§ GOAL OF THE EXERCISE
Which lines run from the one containing "でも、普通に選択して、Dru" through the end of the material? Reproduce them exactly.

** DATA SHOWN follows **

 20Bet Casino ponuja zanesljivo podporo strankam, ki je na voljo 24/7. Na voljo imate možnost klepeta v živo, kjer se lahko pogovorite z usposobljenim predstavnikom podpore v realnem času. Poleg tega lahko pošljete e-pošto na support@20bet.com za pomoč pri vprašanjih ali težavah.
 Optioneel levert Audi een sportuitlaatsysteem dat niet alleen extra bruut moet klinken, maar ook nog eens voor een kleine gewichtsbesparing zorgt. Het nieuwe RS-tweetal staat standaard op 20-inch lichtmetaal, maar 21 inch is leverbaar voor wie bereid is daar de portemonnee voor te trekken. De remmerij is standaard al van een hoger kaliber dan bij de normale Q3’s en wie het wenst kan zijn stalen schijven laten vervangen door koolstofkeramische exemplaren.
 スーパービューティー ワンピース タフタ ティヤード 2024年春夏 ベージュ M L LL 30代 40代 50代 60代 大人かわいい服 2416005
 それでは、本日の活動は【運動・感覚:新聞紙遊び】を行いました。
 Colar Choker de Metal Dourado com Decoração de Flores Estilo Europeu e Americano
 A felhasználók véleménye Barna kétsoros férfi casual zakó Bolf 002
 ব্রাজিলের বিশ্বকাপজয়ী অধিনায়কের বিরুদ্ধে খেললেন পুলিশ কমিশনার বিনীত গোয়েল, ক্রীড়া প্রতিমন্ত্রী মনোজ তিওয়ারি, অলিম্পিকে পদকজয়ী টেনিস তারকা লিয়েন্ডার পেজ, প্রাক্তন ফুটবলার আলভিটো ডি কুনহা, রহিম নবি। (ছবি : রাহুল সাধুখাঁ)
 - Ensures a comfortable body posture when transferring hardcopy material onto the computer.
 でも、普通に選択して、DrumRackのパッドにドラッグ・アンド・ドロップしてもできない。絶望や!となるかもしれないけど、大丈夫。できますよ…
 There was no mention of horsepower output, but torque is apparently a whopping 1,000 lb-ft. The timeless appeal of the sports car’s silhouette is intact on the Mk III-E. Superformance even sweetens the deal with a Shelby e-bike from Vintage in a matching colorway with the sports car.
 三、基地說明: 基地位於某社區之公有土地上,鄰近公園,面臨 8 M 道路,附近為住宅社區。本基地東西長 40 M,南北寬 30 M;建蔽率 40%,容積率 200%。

** End of DATA SHOWN **

§ SOLUTION TO THIS TASK
 でも、普通に選択して、DrumRackのパッドにドラッグ・アンド・ドロップしてもできない。絶望や!となるかもしれないけど、大丈夫。できますよ…
 There was no mention of horsepower output, but torque is apparently a whopping 1,000 lb-ft. The timeless appeal of the sports car’s silhouette is intact on the Mk III-E. Superformance even sweetens the deal with a Shelby e-bike from Vintage in a matching colorway with the sports car.
 三、基地說明: 基地位於某社區之公有土地上,鄰近公園,面臨 8 M 道路,附近為住宅社區。本基地東西長 40 M,南北寬 30 M;建蔽率 40%,容積率 200%。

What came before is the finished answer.